**Prompt**
Among the lines below, a stretch begins at the one with "雪景色番外編 カモシカの足跡 おはようございます😃" and ends at the one with "当行は、本商品の提供により、". Repeat that stretch exactly, ends included.

**Recorded data**
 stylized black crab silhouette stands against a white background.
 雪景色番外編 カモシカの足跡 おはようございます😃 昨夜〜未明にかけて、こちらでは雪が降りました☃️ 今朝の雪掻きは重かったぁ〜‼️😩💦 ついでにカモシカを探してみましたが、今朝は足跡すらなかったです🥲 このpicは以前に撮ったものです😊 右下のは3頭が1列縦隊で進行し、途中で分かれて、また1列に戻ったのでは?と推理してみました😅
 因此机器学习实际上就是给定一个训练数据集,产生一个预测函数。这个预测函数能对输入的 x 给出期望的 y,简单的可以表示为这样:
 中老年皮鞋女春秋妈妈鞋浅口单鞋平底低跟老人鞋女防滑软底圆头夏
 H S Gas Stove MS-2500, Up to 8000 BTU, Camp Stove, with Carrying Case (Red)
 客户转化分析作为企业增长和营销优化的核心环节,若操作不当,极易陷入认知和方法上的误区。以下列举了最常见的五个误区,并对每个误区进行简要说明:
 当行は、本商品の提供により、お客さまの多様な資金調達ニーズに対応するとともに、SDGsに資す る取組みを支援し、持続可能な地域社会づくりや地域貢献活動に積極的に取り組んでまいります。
* * *
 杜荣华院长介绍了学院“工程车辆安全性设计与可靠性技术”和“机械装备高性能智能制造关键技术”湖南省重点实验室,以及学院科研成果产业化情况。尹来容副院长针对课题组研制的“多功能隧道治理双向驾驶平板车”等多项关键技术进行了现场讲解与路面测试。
---
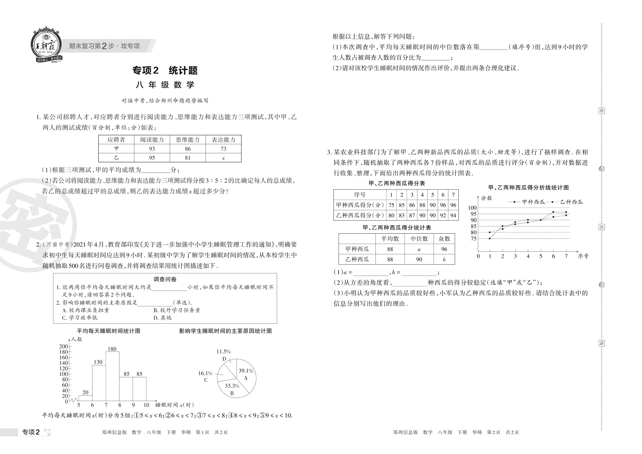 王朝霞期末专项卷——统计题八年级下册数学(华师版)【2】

**Result of the task**
 雪景色番外編 カモシカの足跡 おはようございます😃 昨夜〜未明にかけて、こちらでは雪が降りました☃️ 今朝の雪掻きは重かったぁ〜‼️😩💦 ついでにカモシカを探してみましたが、今朝は足跡すらなかったです🥲 このpicは以前に撮ったものです😊 右下のは3頭が1列縦隊で進行し、途中で分かれて、また1列に戻ったのでは?と推理してみました😅
 因此机器学习实际上就是给定一个训练数据集,产生一个预测函数。这个预测函数能对输入的 x 给出期望的 y,简单的可以表示为这样:
 中老年皮鞋女春秋妈妈鞋浅口单鞋平底低跟老人鞋女防滑软底圆头夏
 H S Gas Stove MS-2500, Up to 8000 BTU, Camp Stove, with Carrying Case (Red)
 客户转化分析作为企业增长和营销优化的核心环节,若操作不当,极易陷入认知和方法上的误区。以下列举了最常见的五个误区,并对每个误区进行简要说明:
 当行は、本商品の提供により、お客さまの多様な資金調達ニーズに対応するとともに、SDGsに資す る取組みを支援し、持続可能な地域社会づくりや地域貢献活動に積極的に取り組んでまいります。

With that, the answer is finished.